→ **Work request**: Without including any picture, return the complete set of records exactly.

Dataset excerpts
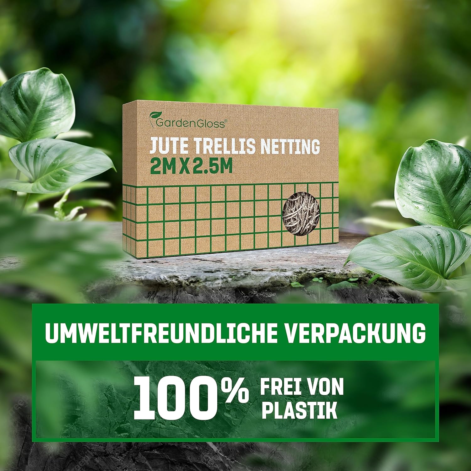 GardenGloss Jute Ranknetz Nachhaltig 100% Biologisch Abbaubar – Mit grosser Maschenweite für Gurken, Tomaten und Anderen Gemüsepflanzen – Rankhilfen für Kletterpflanzen
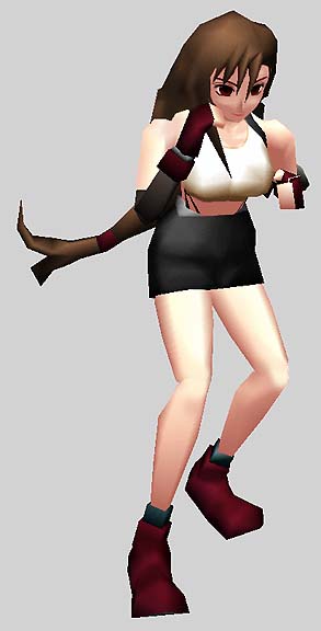 Tifa is a 20 year old Bar Hostess in the Sector 7 slums. She was trained in Martial Arts by a teacher named Zangan. She grew up in Nibelheim with Cloud and has strong feelings for him. Aside from being a Bar Hostess, she is one of the main people of the Resistance group, AVALANCHE. She also looks out after Barret's daughter, Marlene when Barret is out fighting Shinra.
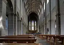 The basilica has therefore been thoroughly transformed during a long-drawn-out exercise in cleaning up and alteration. The crypt has been extended by a further two bays and provided with new means of access. The place of the veneration of Saint Matthias the Apostle, as well as the altar space, have been adapted to modern requirements. Stable choir stalls have been built for the monks' choir. A lift has been installed for easier access to all levels. On 10 December 2007 during a solemn pontifical office with Bishop Reinhard Marx the bones of the Apostle Matthias in their shrine were translated to their final location in the crypt,[2] with the solemn dedication of the altar planned for 24 February 2008. The conclusion of the building works with an overhaul of the electrics and a final paint job is not presently possible due to financial constraints.
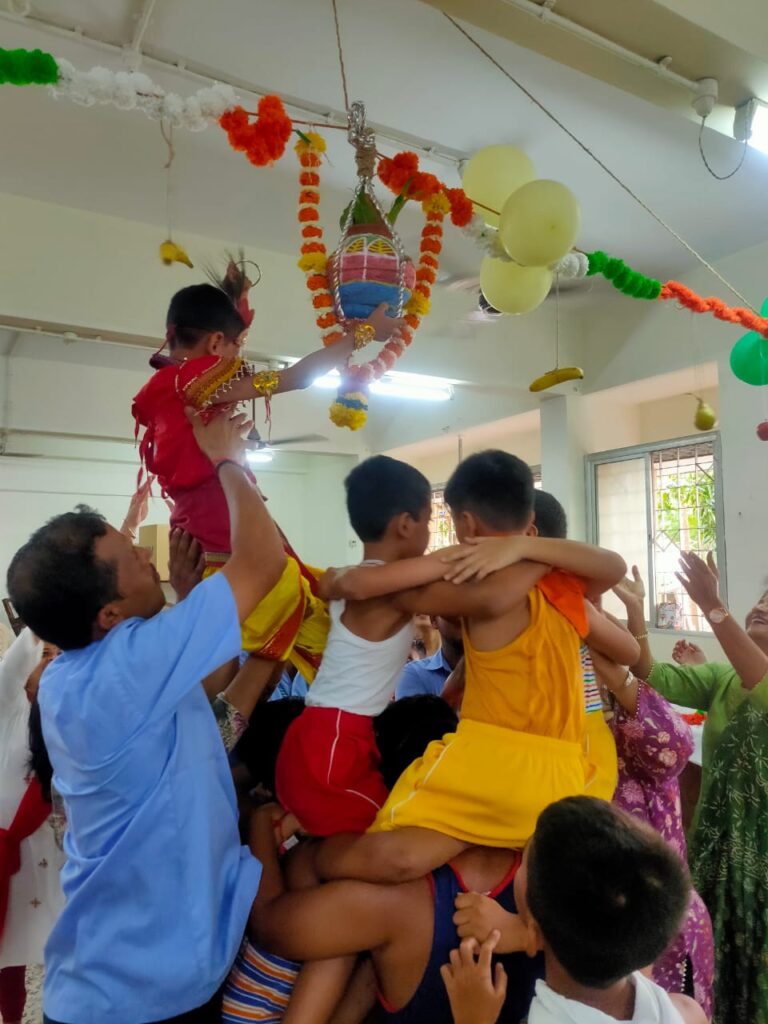 Another major attraction of the Janmashtami celebration was the *Dahi Handi* celebration, where the students formed human pyramid to reach and break the handi, symbolising Krishna’s love for butter. By this way our young talents enthusiastically attempted to break the Dahi Handi showcasing their zeal and unity.
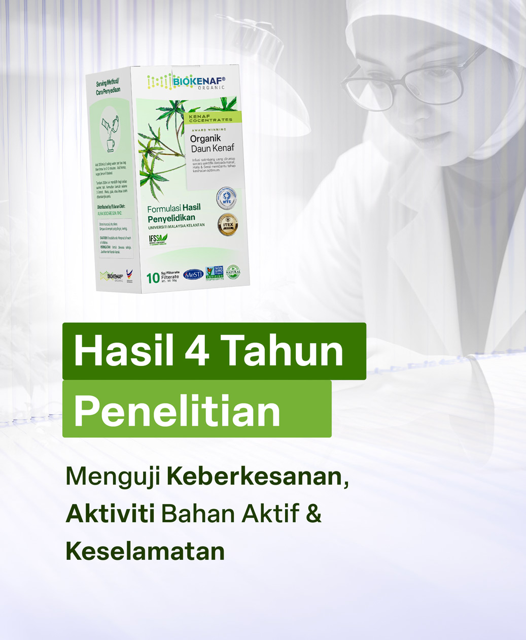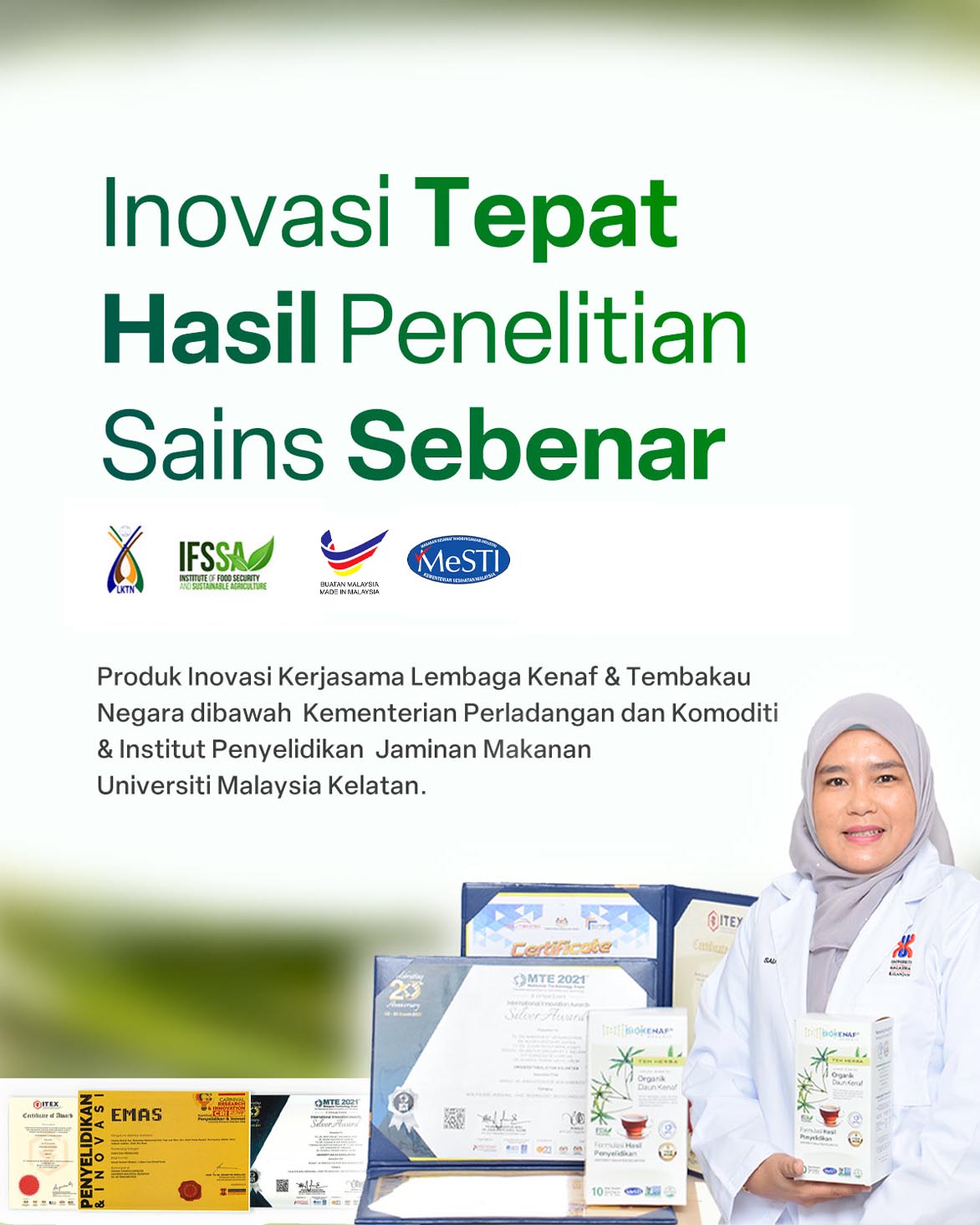 Usaha Saintis, Dr. Maryana Buktikan Formulasi Campuran Tepat Antara Daun Kenaf, Serai & Halia Tunjuk Peningkatan Keberkesanan Sehingga 24x Bantu Rawat Masalah Obesiti & Kolesterol – Raih Pelbagai Pingat Emas di Expo Teknologi dan Inovasi Malaysia.
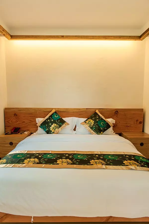 床靠和床架均为实木打造

→ **Expected answer**:
 GardenGloss Jute Ranknetz Nachhaltig 100% Biologisch Abbaubar – Mit grosser Maschenweite für Gurken, Tomaten und Anderen Gemüsepflanzen – Rankhilfen für Kletterpflanzen
 Tifa is a 20 year old Bar Hostess in the Sector 7 slums. She was trained in Martial Arts by a teacher named Zangan. She grew up in Nibelheim with Cloud and has strong feelings for him. Aside from being a Bar Hostess, she is one of the main people of the Resistance group, AVALANCHE. She also looks out after Barret's daughter, Marlene when Barret is out fighting Shinra.
 The basilica has therefore been thoroughly transformed during a long-drawn-out exercise in cleaning up and alteration. The crypt has been extended by a further two bays and provided with new means of access. The place of the veneration of Saint Matthias the Apostle, as well as the altar space, have been adapted to modern requirements. Stable choir stalls have been built for the monks' choir. A lift has been installed for easier access to all levels. On 10 December 2007 during a solemn pontifical office with Bishop Reinhard Marx the bones of the Apostle Matthias in their shrine were translated to their final location in the crypt,[2] with the solemn dedication of the altar planned for 24 February 2008. The conclusion of the building works with an overhaul of the electrics and a final paint job is not presently possible due to financial constraints.
 Another major attraction of the Janmashtami celebration was the *Dahi Handi* celebration, where the students formed human pyramid to reach and break the handi, symbolising Krishna’s love for butter. By this way our young talents enthusiastically attempted to break the Dahi Handi showcasing their zeal and unity.
 Usaha Saintis, Dr. Maryana Buktikan Formulasi Campuran Tepat Antara Daun Kenaf, Serai & Halia Tunjuk Peningkatan Keberkesanan Sehingga 24x Bantu Rawat Masalah Obesiti & Kolesterol – Raih Pelbagai Pingat Emas di Expo Teknologi dan Inovasi Malaysia.
 床靠和床架均为实木打造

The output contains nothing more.